▶ **Saved data entries**:
________________________________________

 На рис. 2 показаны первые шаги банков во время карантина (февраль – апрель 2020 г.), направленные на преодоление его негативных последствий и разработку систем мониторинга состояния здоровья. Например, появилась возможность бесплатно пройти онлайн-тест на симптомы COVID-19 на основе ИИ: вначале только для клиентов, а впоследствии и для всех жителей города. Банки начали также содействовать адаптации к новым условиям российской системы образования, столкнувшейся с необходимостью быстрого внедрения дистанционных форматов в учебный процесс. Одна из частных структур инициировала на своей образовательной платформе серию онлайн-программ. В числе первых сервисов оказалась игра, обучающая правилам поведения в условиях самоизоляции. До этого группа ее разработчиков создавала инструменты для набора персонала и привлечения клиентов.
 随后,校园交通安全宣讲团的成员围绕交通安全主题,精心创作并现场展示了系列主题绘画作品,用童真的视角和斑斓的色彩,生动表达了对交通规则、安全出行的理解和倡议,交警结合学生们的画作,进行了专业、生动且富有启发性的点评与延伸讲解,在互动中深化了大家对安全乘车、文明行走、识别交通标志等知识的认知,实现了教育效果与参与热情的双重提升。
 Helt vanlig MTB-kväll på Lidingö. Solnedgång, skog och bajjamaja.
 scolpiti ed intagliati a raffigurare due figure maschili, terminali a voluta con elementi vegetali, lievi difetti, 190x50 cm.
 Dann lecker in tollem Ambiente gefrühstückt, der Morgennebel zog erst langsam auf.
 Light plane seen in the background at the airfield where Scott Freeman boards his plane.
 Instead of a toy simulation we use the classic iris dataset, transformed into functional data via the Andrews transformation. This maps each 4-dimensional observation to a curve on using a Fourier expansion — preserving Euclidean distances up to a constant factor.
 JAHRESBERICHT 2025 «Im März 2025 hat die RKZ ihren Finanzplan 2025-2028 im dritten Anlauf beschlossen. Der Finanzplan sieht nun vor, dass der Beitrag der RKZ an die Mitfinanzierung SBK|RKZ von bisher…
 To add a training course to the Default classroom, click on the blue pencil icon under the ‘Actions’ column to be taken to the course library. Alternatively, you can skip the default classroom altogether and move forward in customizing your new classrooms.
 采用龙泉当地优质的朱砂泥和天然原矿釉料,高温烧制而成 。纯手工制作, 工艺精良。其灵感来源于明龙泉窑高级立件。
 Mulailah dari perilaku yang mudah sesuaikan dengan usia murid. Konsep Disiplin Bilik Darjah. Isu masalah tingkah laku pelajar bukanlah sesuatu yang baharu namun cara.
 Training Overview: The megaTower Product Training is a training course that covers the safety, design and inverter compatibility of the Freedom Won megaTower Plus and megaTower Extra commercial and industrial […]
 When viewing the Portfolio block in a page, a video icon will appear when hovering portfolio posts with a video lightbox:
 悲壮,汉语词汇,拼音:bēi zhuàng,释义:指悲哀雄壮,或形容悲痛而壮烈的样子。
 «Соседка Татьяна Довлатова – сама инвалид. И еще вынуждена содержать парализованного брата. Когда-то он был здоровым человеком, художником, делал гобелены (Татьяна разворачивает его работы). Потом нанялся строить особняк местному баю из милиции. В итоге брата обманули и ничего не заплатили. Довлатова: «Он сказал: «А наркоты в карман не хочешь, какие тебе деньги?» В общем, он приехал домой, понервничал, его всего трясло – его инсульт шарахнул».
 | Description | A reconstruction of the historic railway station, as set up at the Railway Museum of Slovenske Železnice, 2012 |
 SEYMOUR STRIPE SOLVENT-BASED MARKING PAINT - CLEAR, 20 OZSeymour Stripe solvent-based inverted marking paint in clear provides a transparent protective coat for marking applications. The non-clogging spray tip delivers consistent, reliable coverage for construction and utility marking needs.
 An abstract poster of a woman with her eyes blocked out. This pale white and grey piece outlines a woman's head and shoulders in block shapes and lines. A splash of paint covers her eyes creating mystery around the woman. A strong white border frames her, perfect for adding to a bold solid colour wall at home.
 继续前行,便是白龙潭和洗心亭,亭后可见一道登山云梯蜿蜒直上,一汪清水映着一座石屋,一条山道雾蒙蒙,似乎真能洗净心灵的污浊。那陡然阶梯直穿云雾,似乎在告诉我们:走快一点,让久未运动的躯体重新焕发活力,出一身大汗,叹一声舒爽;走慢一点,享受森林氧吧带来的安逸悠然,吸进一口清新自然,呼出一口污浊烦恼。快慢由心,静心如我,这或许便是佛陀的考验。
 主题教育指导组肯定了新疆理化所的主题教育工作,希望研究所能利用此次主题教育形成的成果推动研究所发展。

________________________________________

▶ **What needs to be done**:
Search the entries above for the string "training". Copy each line that holds it.

▶ **Solution for this task**:
 To add a training course to the Default classroom, click on the blue pencil icon under the ‘Actions’ column to be taken to the course library. Alternatively, you can skip the default classroom altogether and move forward in customizing your new classrooms.
 Training Overview: The megaTower Product Training is a training course that covers the safety, design and inverter compatibility of the Freedom Won megaTower Plus and megaTower Extra commercial and industrial […]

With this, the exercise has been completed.